→ What the task requires: Restate the listing word for word; omit the images.

→ Given information:
*** Block opens ***

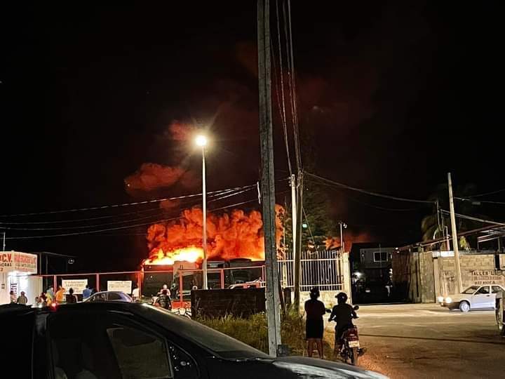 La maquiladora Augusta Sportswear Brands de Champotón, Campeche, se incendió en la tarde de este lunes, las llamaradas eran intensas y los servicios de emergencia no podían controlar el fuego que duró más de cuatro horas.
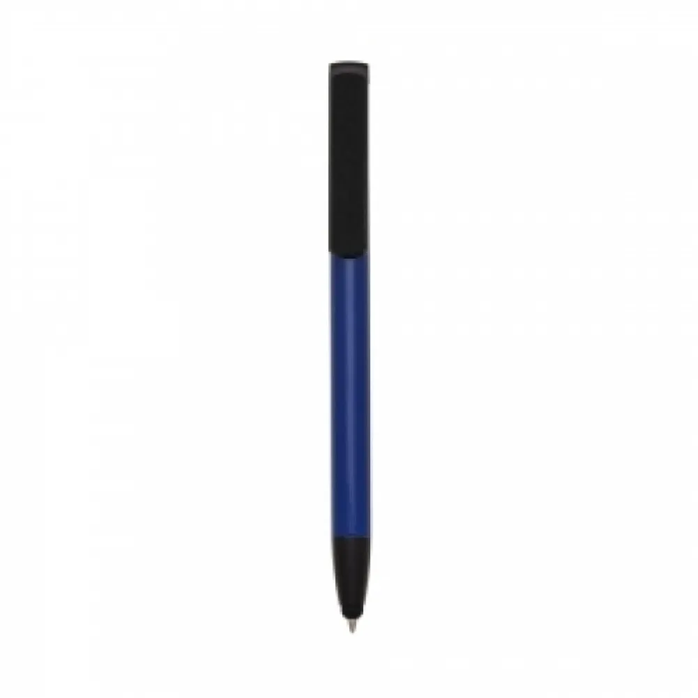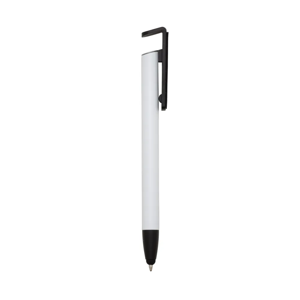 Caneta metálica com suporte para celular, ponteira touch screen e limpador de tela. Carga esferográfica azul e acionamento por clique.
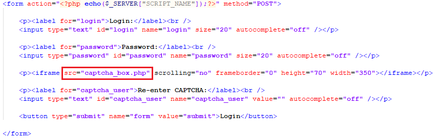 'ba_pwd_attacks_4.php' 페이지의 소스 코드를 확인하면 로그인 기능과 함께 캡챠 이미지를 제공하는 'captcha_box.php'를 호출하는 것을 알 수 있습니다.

*** Block closes ***

→ Solved problem:
 La maquiladora Augusta Sportswear Brands de Champotón, Campeche, se incendió en la tarde de este lunes, las llamaradas eran intensas y los servicios de emergencia no podían controlar el fuego que duró más de cuatro horas.
 Caneta metálica com suporte para celular, ponteira touch screen e limpador de tela. Carga esferográfica azul e acionamento por clique.
 'ba_pwd_attacks_4.php' 페이지의 소스 코드를 확인하면 로그인 기능과 함께 캡챠 이미지를 제공하는 'captcha_box.php'를 호출하는 것을 알 수 있습니다.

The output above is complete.